Belanja mobil dinas miliaran rupiah Gubernur Kalimantan Timur kembali disorot, setelah proses pengembaliannya dianggap tak lazim. Terlebih inspektorat daerah mengaku tidak dilibatkan dalam prosesnya. Memunculkan pertanyaan baru tentang mekanisme pengelolaan aset dan pengawasan internal pemerintah daerah.
EKSPOSKALTIM, Samarinda - Belanja mobil dinas gubernur Kalimantan Timur senilai Rp8,5 miliar kembali menjadi sorotan publik setelah pihak Inspektorat mengaku tidak dilibatkan dalam pembahasan mekanisme pengembalian Range Rover tersebut.

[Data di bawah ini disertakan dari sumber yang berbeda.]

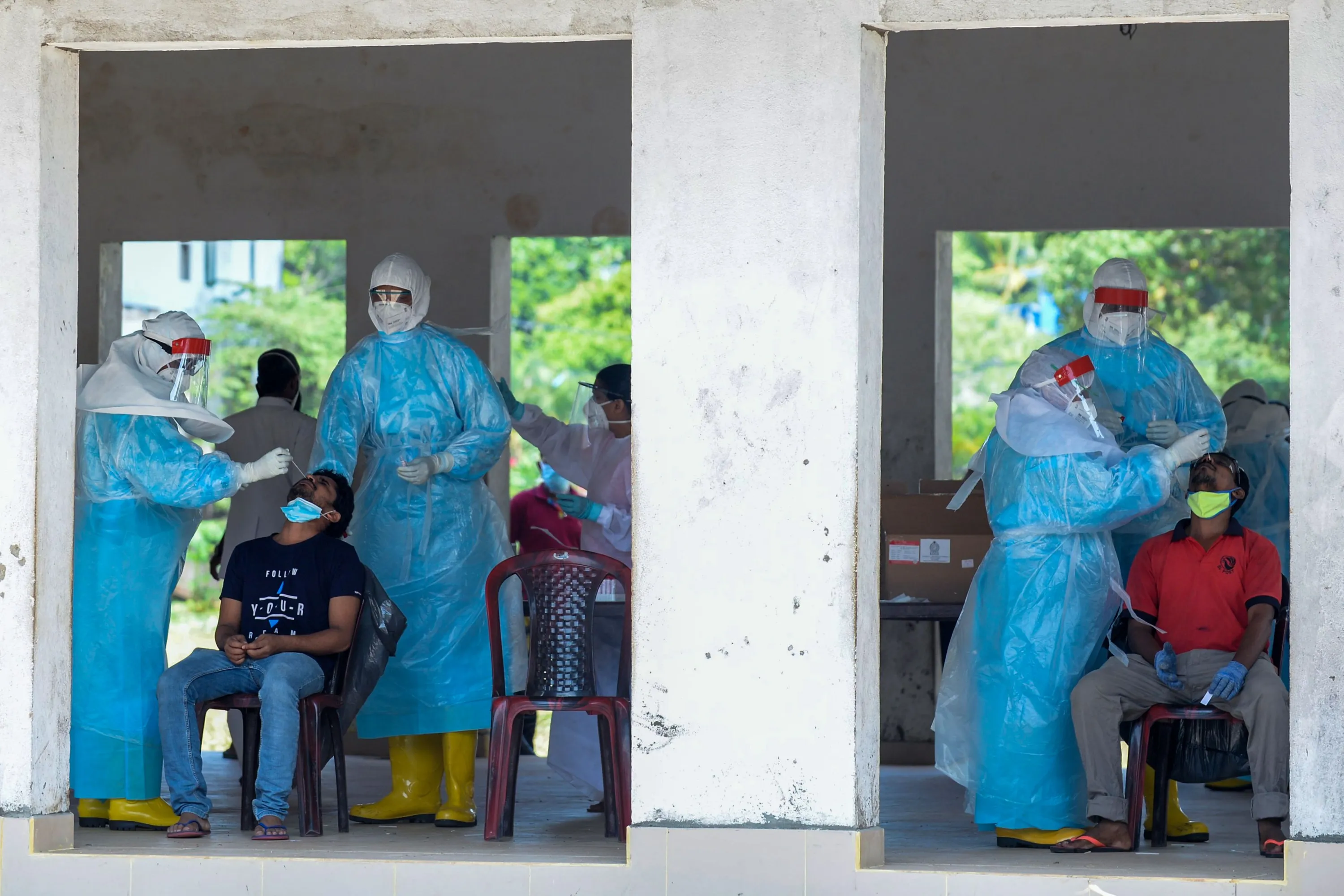 Medical workers collect swab samples from residents to test for the COVID-19 coronavirus in Colombo on November 5, 2020. (Photo by Lakruwan Wanniarachchi/AFP Photo)

Situasi ini dinilai Pakar hukum tata negara Universitas Mulawarman, Herdiansyah Hamzah tidak lazim karena kasus pengembalian aset setelah transaksi pembelian jarang terjadi dalam praktik pengelolaan keuangan daerah.
Castro, sapaan karibnya, menilai ketidakterlibatan Inspektorat dalam proses pengembalian justru berpotensi menimbulkan persoalan baru. Menurutnya, langkah tersebut seolah menafikan fungsi Inspektorat sebagai aparat pengawasan internal pemerintah (APIP).
“Aneh kalau inspektorat justru tidak mengetahui bahkan tidak tahu sama sekali bagaimana tiba-tiba proses pengembalian itu dilakukan. Seolah-olah gubernur sendiri menafikan fungsi inspektorat sebagai aparatur pengawasan internal,” ujarnya kepada EKSPOSKALTIM, Selasa (10/3).
Ia menilai keberadaan Inspektorat seharusnya menjadi lapisan pengawasan (layering) dalam setiap kebijakan yang kontroversial, termasuk dalam persoalan pengelolaan aset daerah.
Castro juga mengingatkan bahwa fungsi pengawasan tidak sekadar administratif, tetapi juga bagian dari mekanisme check and balances untuk memastikan setiap kebijakan tetap berada dalam koridor hukum.
“Fungsi inspektorat melakukan proses verifikasi. Apakah ada pelanggaran, kemudian apakah proses pengembalian itu sudah sesuai aturan atau tidak,” katanya.
Selain soal pengawasan, Castro menyoroti persoalan mendasar dalam mekanisme pengembalian mobil dinas tersebut. Ia menilai dalam praktik pengadaan barang pemerintah tidak dikenal istilah pengembalian jika transaksi antara penjual dan pembeli telah selesai.
Menurut dia, apabila pembayaran dari keuangan daerah telah dilakukan, maka transaksi dianggap tuntas dan opsi yang lazim dilakukan adalah melelang aset tersebut.
Namun pelelangan memiliki konsekuensi tersendiri karena barang yang dilepas akan berstatus barang bekas, sehingga nilainya hampir pasti mengalami penurunan.
Castro mempertanyakan apakah penurunan nilai tersebut berpotensi masuk dalam kategori kerugian keuangan daerah, serta siapa yang seharusnya menanggung selisih nilainya.
“Itulah kenapa inspektorat seharusnya dilibatkan untuk memverifikasi apakah prosesnya sudah sesuai aturan, apa konsekuensi hukumnya, dan bagaimana dampaknya terhadap keuangan daerah,” ujarnya.
Sebelumnya, Kepala Inspektorat Kaltim Irfan Prananta mengatakan pihaknya tidak pernah menerima permintaan resmi maupun surat terkait proses pengembalian mobil dinas itu. Ia bahkan mengaku baru mengetahui rencana tersebut melalui pemberitaan media.
Menurut dia, seperti dikutip dari pemberitaan sejumlah media, Inspektorat saat ini masih mempelajari mekanisme hukum dan administrasi yang tepat untuk memproses pengembalian kendaraan tersebut.
Adapun, polemik ini muncul setelah sebelumnya Gubernur Kalimantan Timur Rudy Mas'ud memutuskan membatalkan pengadaan mobil dinas jenis Range Rover 3.0 LWB Autobiography PHEV P460e senilai sekitar Rp8,49–8,5 miliar yang sempat menuai kritik publik.
Pemerintah Provinsi Kalimantan Timur menyatakan unit kendaraan tersebut akan dikembalikan kepada penyedia dan dana pembeliannya diupayakan kembali utuh ke kas daerah.